I left Tad at home for the hospital visit, which also went well. The nurse to whom my coworker introduced me was kind and had a lot of personality, which I think will be helpful during labor. She only said two things which I found mildly troubling, but I was so happy she was eager to help me to care for my baby and not to take him away that I forgave her. She told me that the first day, I should be allowed to room in with the baby but only if a sighted person was there. She went on to say that I would need to learn how to care for him, so I think she really meant an experienced person, but to equate sight with experience is annoying. Still I don’t know any blind experienced parents in this town, so a sighted one will work. And she also said the only thing she felt bad about my not seeing was that I wouldn’t know how cute you are, but she would be sure to tell me. To hear that from an outsider was jarring. I myself have fallen prey to that statement when I told James that it was a good thing he was blind and not sighted when we met, because he might not like me. I meant that I’m not particularly beautiful. Then again, who am I to make slurs on visual beauty, even with myself? It’s true that James might not have liked me, but it could have been for many other reasons, having as much to do with his baggage as a sighted person as anything else. My point is that that comment is pointless, because we didn’t meet then—we met later, and that made the difference. But I’ll know you’re beautiful without seeing you. I will appreciate any detail sighted people can give me about you, but I know you already. I’ll know you better than any of their eyes will know you. And you are beautiful.

Jonah

I’m hyper aware of the little kids and parents I observe. At the Princeton Junction train station, the parent of a two-year-old asked him or her “how she/he felt about that.” “Happy,” the kid answered. I think they were talking about eating chips. With feeling words, I guess you have to start somewhere. I hope someday, many days, you tell me you are happy.

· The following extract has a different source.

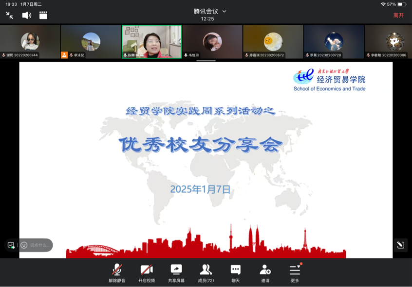 本网讯 1月7日晚,创新班校友分享会在腾讯会议举行,两位优秀创新班校友向学弟学妹分享个人留学及实习的宝贵经验。国际合作项目主任陈琳老师和外事秘书卓泳仪老师出席本次会议。
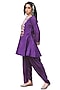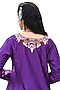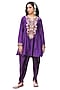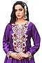 Featuring a purple A-line kurta in chanderi base, adorned with an embroidered yoke. It is paired with bamberg satin tulip dhoti. This ensemble is perfect for festive gatherings or wedding celebrations. Style it with mojaris and jhumkas to add some glamour to your look.

Then on our corner, a little boy named Jonah was terrified to cross the street. If a car was even on the street, he didn’t want to move. I found out later that before I had reached the corner, his mother had said hello to your father and then said, “Look, he has a stick like grandpa.” Of course, James being James did not correct her. I use correction sparingly myself, but he never uses it, thereby losing a lot of teaching moments. You will know it’s a cane. Anyway, Jonah’s mother asked him why he was scared to cross the street when he hadn’t been scared before, and he said he needed to get bigger. I pictured us there, waiting for years on the street corner while Jonah grew up. I would have my baby right behind him, the seasons would turn and turn, sort of like the movies, and you, too, would wait for Jonah to get big enough to stop fearing the cars. Jonah’s mother told him he was just fine the way he was, and he was almost four. Finally she urged him across, saying, “There’s a plane in the sky, but there are no cars.” When we crossed the street, the mother asked Jonah, without asking me first, whether he wanted to pet the dog. “He’s a special dog,” she explained. “He has really good eyes and helps the woman, because she can’t see very well.”
I know that visual impairment, not blindness, is the default assumption and explanation, and I have to smother my impulse to think people are sugar-coating every time they say I’m visually impaired. After all, she really had no idea. But wouldn’t it have been easier to tell the kid my eyes are broken?
Predictably, given his earlier fears, Jonah did not want to touch the dog. So we just said good-bye and walked our separate ways.